There's a lot of funds wasted in 'middle management' roles imo where it's not really necessary. Also the shortage of trained nurses means agency workers are relied on much more than they should be which costs a huge amount comparatively.
The procurement in the NHS must be outsourced by now? I can’t imagine a single good reason why a) they’d source their own indirects and b) why anybody would want to work for them in a procurement role.
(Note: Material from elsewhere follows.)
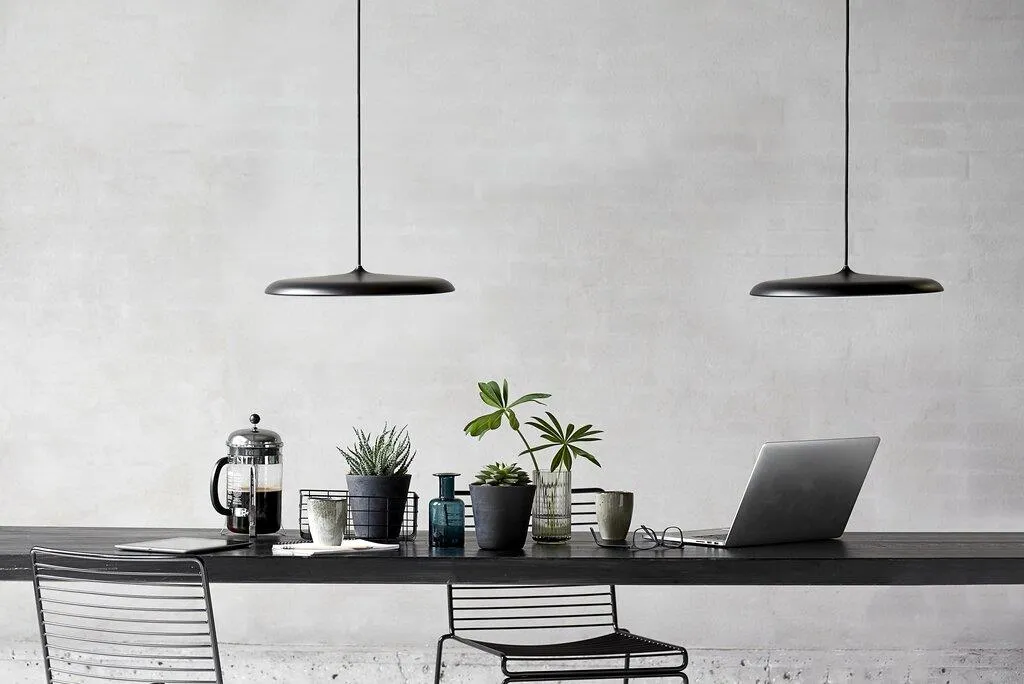 Sisäänrakennettu LED-paneeli on peitetty opalisoidulla varjostimella, joka pehmentää ja hajottaa valoa. Kuten nimi antaa ymmärtää, muotoilu on saanut inspiraationsa musiikin maailmasta – rumpusetin lautasesta.
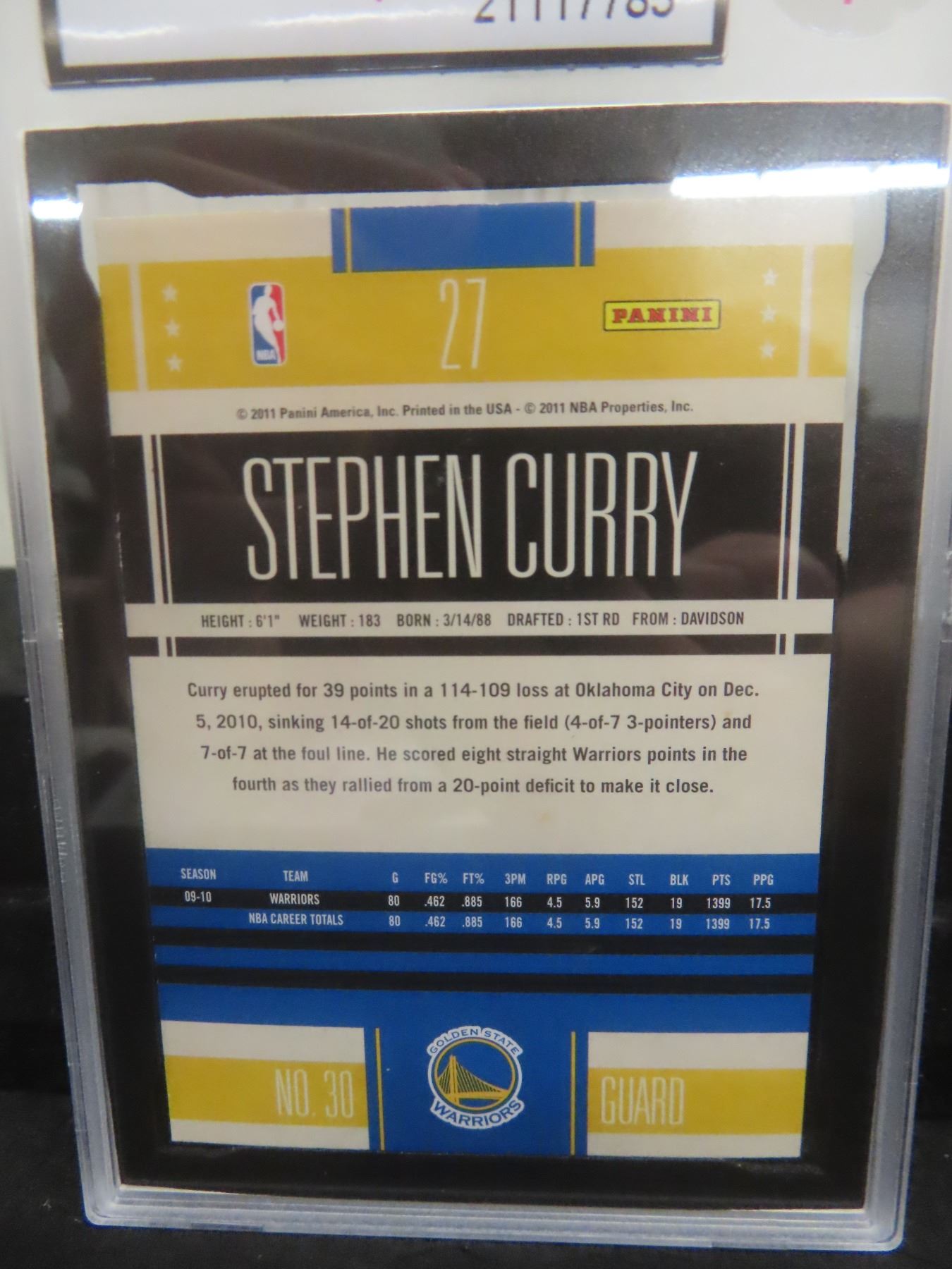 Graded Stephen Curry Golden State Warriors Basketball Card

Agreed, there used to be a big problem of too many chiefs and not enough indians, when I was working in the NHS. I was charged with trimming loads of band 6 middle management roles. It was tough for me to do because a lot of those jobs were still occupied by people who used to be my colleagues, but I had to agree with the rationale for doing it. I can't remember the exact pay banding now but I think a band 6 was on something like £28k-£36k scale. From my dept I shaved 8 out of 12 of those jobs and freed up around £350k, some of which just went into efficiency savings, but we also used it to recruit around 12 HCA's which I think was a band 3, so something like £15k-£18k and still managed to save the NHS something like £100k
They were still doing a large proportion of it when I was working in there. Some of it made sense in terms of being able to have oversight of your own budgets and departmental needs. But it was a convoluted system that was tied into specific contracts and was very rigid in terms of competition. Even basic things like buying office chairs had to be done through the NHS procurement system, so you'd end up paying £200 for a chair that you could just nip down the road and get for £59 at office supplies.
And you're right about agency workers. Even though the worker themselves might get paid less than their NHS equivalent, the cost of employing them through an agency was astronomical. A lot of that happened due to long term staff sickness and the inability to get people out of the door via HR. So you couldn't recruit for their job and had to rely on an agency worker instead, whilst also paying the sick pay of the person who's job was being filled. Hugely expensive.